I'm currently leveraging the Datasets API to read parquet files and
running into a bit of an issue that I can't figure out. I have a set of
files and a target schema. Each file in the set may have the same or a
different schema than the target, but if the schema is different, it can be
coerced into the target  from the source schema, by rearranging column
order, changing column names, adding null columns and/or a limited set of
type upcasting(e.g int32->int64).

As far as I can tell, there doesn't seem to be a way to do this with the
Datasets API if you don't have a file schema ahead of time.  I had been
using the following:




*arrow_dataset = ds.FileSystemDataset.from_paths([self._input.location()],

schema=self._arrow_file.schema_arrow,
                      format=ds.ParquetFileFormat(),
                                    filesystem=fs.LocalFileSystem())*

But in this case, I have to fetch the schema, and read a single-file at a
time.  I was hoping to be able to get more mileage from the Datasets API
batching up and managing the memory for the reads.
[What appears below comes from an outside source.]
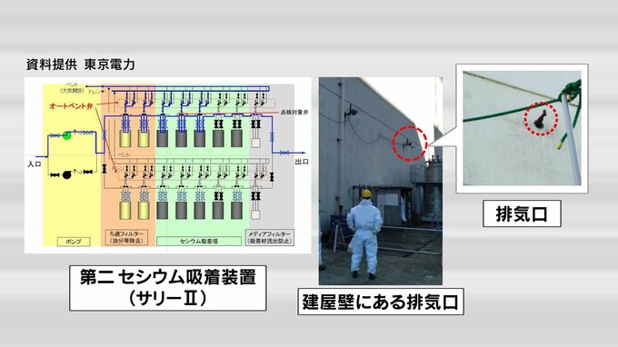 「サリーⅡ」は、廃炉作業で出た汚染水から、放射性物質のセシウムを何段階に分けて取り除く装置のひとつで、水が漏れたのはこの装置で発生する水素だけを外に出す排気口です。
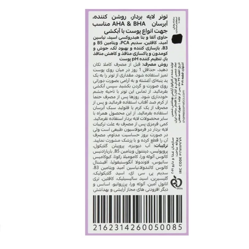 حاوی BHA، AHA و نیاسین آمید برای لایه برداری ملایم و روشن سازی پوست

Is there any way that I
can get around this?

thanks!
Ted Gooch

Re: [Python][Dataset] API Batched file reads with multiple files schemas

Posted by Joris Van den Bossche <jo...@gmail.com>.
A slow follow-up on this:

On Wed, 11 Nov 2020 at 19:11, Ted Gooch <tg...@netflix.com> wrote:

> That's right.  For more context, I'm building out the Parquet read-path
> for iceberg <https://iceberg.apache.org/>, and two of the main features
> are working against us here: 1) the table data does not depend on the
> physical layout on the filesystem, eg. folders may have many files some of
> which belong to the current state and some of which do not. 2)
> schema-evolution - files may have different schemas, and we don't know
> ahead of time which version of the schema a given file will have.
>

The first point shouldn't be a problem, normally, since you are already
using the lower-level FileSystemDataset.from_paths, where you can provide
this list of file paths manually, and that doesn't need to map to all files
in a directory. Of course, the currently limited schema evolution will
still be a problem. I will try to focus on that in Arrow right now, so we
can hopefully get some improvements in the next release.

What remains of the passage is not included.